あらゆる業種・職種で活かせる「ポータブルスキル(持ち運びできる能力)」の一つであり、転職市場でも高く評価される「分析力」。「分析とはどのように行うものなのか」「分析力はどうしたら鍛えられるのか」について、ビジネススキル研修を手がける株式会社プレセナ・ストラテジック・パートナーズ代表の高田貴久氏に語っていただきました。

仕事で役立つ分析力とは?
そもそも「分析」とは何をすることなのでしょうか。聞かれて即答できる方は少ないかもしれません。私も戦略コンサルティングファームに入社したばかりの駆け出しのころ、「分析」をよく理解できていませんでした。
当時の先輩とのこんなやりとりを今も覚えています。
「高田くん、◯◯について調べておくように頼んだよね。調べた?」
「調べました」
「オッケー、じゃあアウトプットは?」
「(アウトプットって何?)……こんな資料が見つかりましたが」
(ネット検索で出てきたものを渡す)
「これは生データだよね。これに何の意味があるの?」
「(生データってどういうこと?)…」
つまり、ただ調べるだけでなく、調べた情報をもとに分析することが求められていたわけです。そのときは先輩の意図がよくわからなかったのですが、後に他の先輩から「分析する意味は2つある」と教わりました。
1つは「砂の中から砂金を見つける」こと。膨大な量の砂の中に、キラリと光る砂金が1粒2粒混じっているので、それを探し出す。
もう1つが「パズルを組み合わせて全体を見せる」。調査・分析を経て出てきた細かな情報をパズルや貼り絵のように組み合わせて全体を見えるようにすることです。

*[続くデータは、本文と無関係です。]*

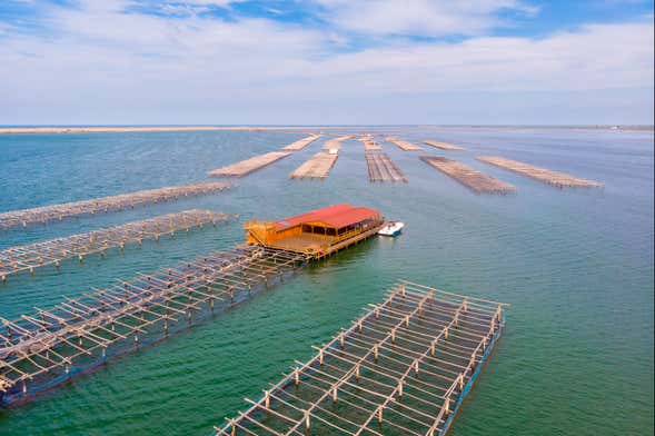 Una vez a bordo, nos dirigiremos hacia las bateas, donde descubriremos el apasionante proceso de cría y cultivo de mejillones y ostras. Junto a estas instalaciones os contaremos numerosos detalles y curiosidades. Además, tendréis la oportunidad de explorar el museo para seguir aprendiendo.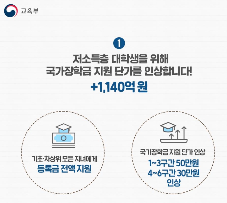 - 대학생 국가장학금 우선 지원: 소득분위 상관없이 국가장학금 지원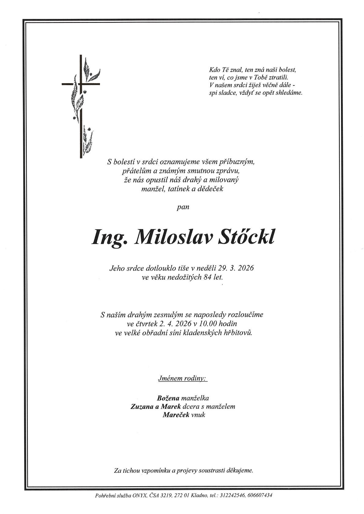 S hlubokou lítostí oznamujeme, že nás navždy opustil Ing. Miloslav Stöckl, bývalý dlouholetý ředitel slánské obchodní akademie. Po řadu let stál v čele školy a významně se podílel na jejím rozvoji, odborném směřování i dobrém jménu mezi odbornou i širokou veřejností.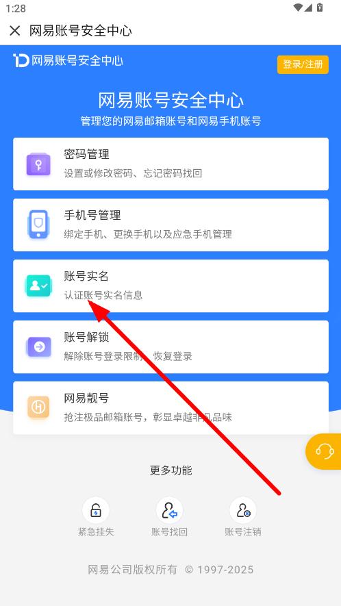 5、在網易賬號安全中心頁面,點擊賬號實名,按頁面提示完成實名認證操作。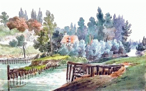 au nombre de 6 avant l'ensablement des lieux. Sur cette aquarelle le Moulin

この2つが分析を行うことの価値であると聞き、「なるほど」と納得したものです。前者が「分解」、後者が「統合」なのですが、これを実践できる力が「分析力」であると捉えられるのではないでしょうか。
分析を行うステップ
まずは分析について、基本的なステップをご紹介します。
大きく分けると「分解」と「統合」の2段階があります。
「分解」のステップ
- 分析の目的を明確にする
- 調査項目を細分化する
- 事実を集めヒントや答えを得る(砂の中から砂金を見つける)
「統合」のステップ
- 答えるべき問いを明確にする
- 統合して答えとなる主張を作っていく(パズルを組み合わせて全体を見せる)
「分解」と「統合」の例
上記のステップに基づき、ビジネスシーンで実践する場合の一例をご紹介しましょう。仮に人事職の方が、上司から「今年の新卒採用の傾向について分析してほしい」と依頼されたケースを想定します。各ステップで考えること・行動することの例を一覧にまとめました。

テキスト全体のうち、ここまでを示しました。